This section is from the book "A Commentary On The Law Of Contracts", by Francis Wharton. Also available from Amazon: A Commentary On The Law Of Contracts.
Money paid voluntarily cannot be recovered back when the mistake is purely one of law. It is on this ground that the court placed an early ruling that though an insurance was actually void in law in consequence of a material misrepresentation by the insured, yet money paid by the insurer to the insured on the loss could not be recovered back since the mistake which led to the payment was exclusively one of law.1 Yet when the question is of the application of law to a complex state of facts, there is no more reason why relief should not be given to a party paying money by mistake, than there is why relief should not be given to a party making a contract by mistake;2 supposing there is nothing to equitably estop the plaintiff from recovery after such a payment by mistake.3 But where the mistake is purely one of law, the party paying cannot recover back. Thus it has been held in Massachusetts that although under the statute there in force no greater rate of interest than six per cent. can be received in any action unless on an agreement in writing, yet a party who has paid interest on an oral agreement in excess of six per cent. cannot recover back the money so paid.4
It is no defence in a suit by a third party against an agent to whom money has been paid by mistake, that the money has been paid over to the principal, supposing that the agent at the time of so paying over had notice of the third party's claim.1 It is otherwise, however, when before notice the money has been paid over by the agent to his principal, or allowed for in the agent's accounts with the principal.2
Money paid in mistake of law cannot be recovered back.
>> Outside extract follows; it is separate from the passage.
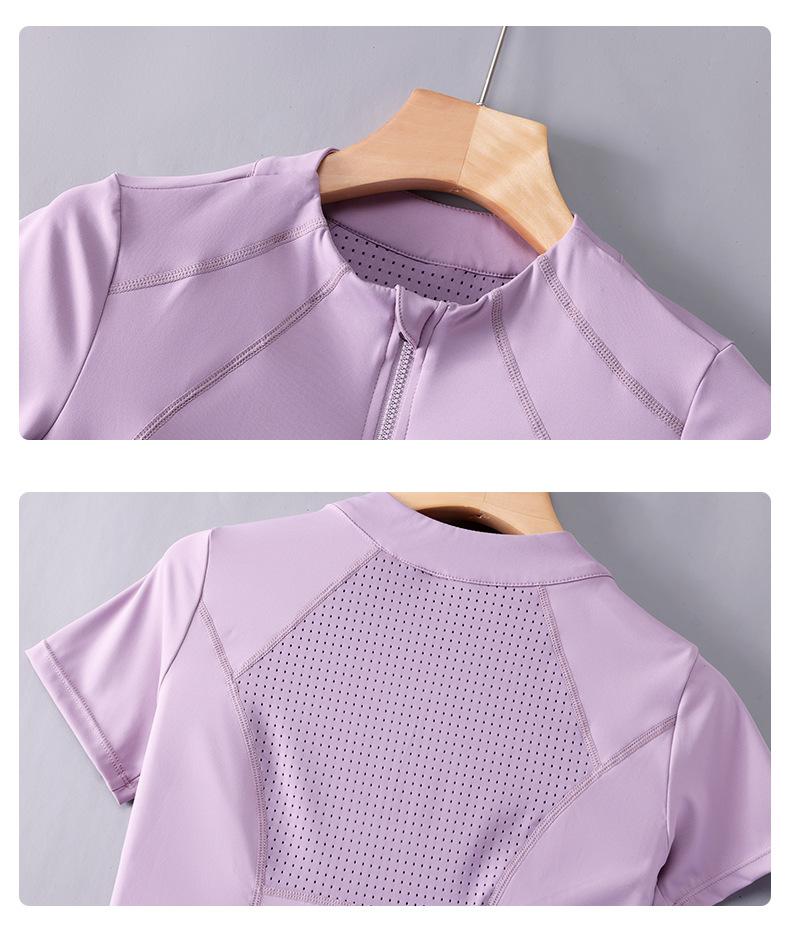 Ropa de yoga, traje deportivo de fitness para mujer, de manga corta, de verano, de secado rápido, para deportes al aire libre, ropa para correr, ropa adelgazante para correr por la mañana, top

When money paid by third person to agent can be recovered back.
1 Bilbie V. Lnmley, 2 East, 469; Leake, 2d ed. 104, citing also Lowry V. Bourdien, 2 Doug. 468; Brisbane V. Dacres, 5 Taunt. 143; Lamborn V. County Com., 97 U. S. 181; Norton V. Marden, 15 Me. 45; Fellows V. District, 39 Me. 559; Benson V. Munroe, 7 Cush. 125; Wilde V. Baker, 14 Allen, 349; Northrop V. Graves, 19 Conn. 548; Clarke V. Dutcher, 9 Cow. 674; Real Est. Inst. V. Linder, 74 Penn. St. 371; and cases cited supra, sec 198-9.
2 See supra, sec 199; Hall V. Jackson Co., 5 Ill. App. 609.
3 James ex parte, L. R. 9 Ch. 609. As to estoppel, see supra, sec 196, 202 a. "There are some cases in which this court has not adhered strictly to the rule that a mistake in law is incapable of being remedied; but relief has never been given in the case of a simple money demand by one person against another, there being between those persons no fiduciary relation, and no equity to supervene by reason of the conduct of either." James, L. J., Rogers V. Ingham, L. R. 3 C. D. 351. The last is a very broad exception, at least as broad as the rule already stated, that mistake in the subsumption of facts under a legal principle is a mistake of fact and not of law; supra, sec 199.
4 Marvin V. Mandell, 125 Mass. 562.
1 Elliott V. Swartwood, 10 Pet. 137; Garland V. Bank, 9 Mass. 408; Frye V. Lockwood, 4 Cow. 454; Mowatt V. Mc-Clellan, 1 Wend. 173; Wharton V. Hudson, 3 Rawle, 390, and other cases cited 2 Ch. on Cont. 11th Am. ed. 911.
2 Wh. on Ag. sec 576; Holland V. Russell, 1 B. & S. 424; Cox V. Prentice, 3 M. & S. 344; Peto V. Blades, 5 Taunt. 657; Carew V. Otis, 1 Johns. 418; La Farge V. Kneeland, 7 Cow. 456; Granger V. Hathaway, 17 Mich. 500.